Hello and a very warm welcome to Radio Prague. I'm Ray Furlong and we begin with the news headlines.
Those are the headlines, and now the news in more detail.
The leader of the main opposition Social Democrats, Milos Zeman, has made serious allegations against the former interior minister, Jan Ruml, who is now head of the Freedom Union. At a press conference on Monday, Zeman produced a letter allegedly written by Ruml in September last year on Monday asking the intelligence service to probe Western reaction to the fall of the Klaus government, which occured two months later. Zeman also said he had secret information showing that Ruml was behind the so-called Bamberg affair, designed to discredit the Social Democrats. Ruml has vigorously denied the accusations, and said that previous scandals unearthed by Zeman in the past had all come to nothing.
The Czech President, Vaclav Havel, is spending his last full day at Innsbruck hospital. Tomorrow he will meet with his Austrian counterpart, Thomas Klestil, before leaving for Prague by air ambulance. On Monday he made his first public appearance since falling ill two weeks ago. Havel appeared before television cameras at Innsbruck hospital to sign orders promoting seven Czech generals. In pictures broadcast on Czech television, the president walked without difficulty into the room where the ceremony was held, and appeared to be on the road to recovery. He made a brief speech lasting around a minute and a half, in which he thanked people for their concern over his health - as well as his doctors for returning him to public life in the crucial pre-election period. Earlier on Monday, Havel had had tracheotomy removed from his neck.
Roman Ceska, the head of the National Property Fund, has announced his resignation. Ceska said he was leaving the country's main privatisation agency after recent events in Parliament, where the absence of many right-wing deputies enabled left-wing parties to push through a resolution calling for privatisation to be halted. The cabinet subsequently re-affirmed its committment to privatisation, but Ceska said he had now made the decision to go. Nevertheless, his decision does not take affect until members of Parliament elect a new managerial board for the National Property Fund in their May session. Ceska said his resignation came at a time when most privatisation had been completed, but when sell-offs of strategic companies could no longer be expected.
The Czech Foreign Minister, Jaroslav Sedivy, continues his visit to Argentina today by meeting local politicians and accepting an honorary doctorate from one of the country's universities. On Monday he held talks with President Carlos Menem and with Foreign Minister Guido di Tella - discussing, among other things, the question of visa-free contact between the two countries. Sedivy said he had originally thought he would be signing a deal of visa- free contacts during his visit, but that now the accord would probably be signed in June.

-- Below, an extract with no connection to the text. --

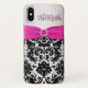 Personalised Pink, Black, Silver Damask iPhone X Case-Mate iPhone Case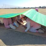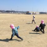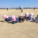 芝生に寝っ転がったり、座ったりして輪っかを取る。桃組のお友だちは初めての遊び。子どもたちからも「楽しい」「また、やりたい。」とすごく人気でした!

The Czech statistics office has made new growth forecasts for 1998, predicting the economy will be less bouyant than it originally expected. The office now expects growth will be 1.4 percent, compared to an original forecast of 1.9 percent. It said the reason for the less optimistic prediction was that both government spending and private investment were down. Additionally, domestic demand is stagnant and wage increases minimal. Reacting to the gloomy new figures, central bank governor Pavel Kysilka said higher growth was possible - but that it depended entirely on exporters, who were the dynamo of the economy at present. He also urged for more resolve in the fight against inflation, currently stuck at around ten percent, arguing that without reducing inflation there would be no improvement in the long term.
The Interior Minister, Cyril Svoboda, has said he is looking into reports that the head of the Prague police was involved in human rights violations during the communist era. Svoboda described as "very serious" the reports that the current Prague police chief interrogated dissidents in 1989 at the notorious secret police base in Bartolomejska street.
The Silesian town of Hlucin has applied for UNESCO to put its former Czechoslovak border fortifications on its list of world protected sites, the town mayor told journalists today. The fortifications are part of a chain which originally ran along much of the length of pre-war Czechoslovakia's borders with Germany and Poland. They were never used for their intended function of defending the 1st Czechoslovak Republic, but the underground corridors and gun emplacements near Hlucin have served as a military museum for ten years. Local officials say the site is unique, and point out that thousands of visitors from all over the world admire it every year.
And finally, today marks the 53rd anniversary of the Prague Uprising, the bloody events at the end of World War Two when the people of the Czech capital took up arms against the German occupiers. The event is being marked by the Czech veterans' association with a memorial act at Prague's Old Town Hall, which was largely destroyed in the fighting. Senate Chairman and former prime minister Petr Pithart is also delivering an address at another memorial ceremony outside the Czech Radio building here on Vinohradska street. The new head of the general staff, Jiri Sedivy, has also marked the anniversary - thanking veterans of the uprising at a gathering held yesterday.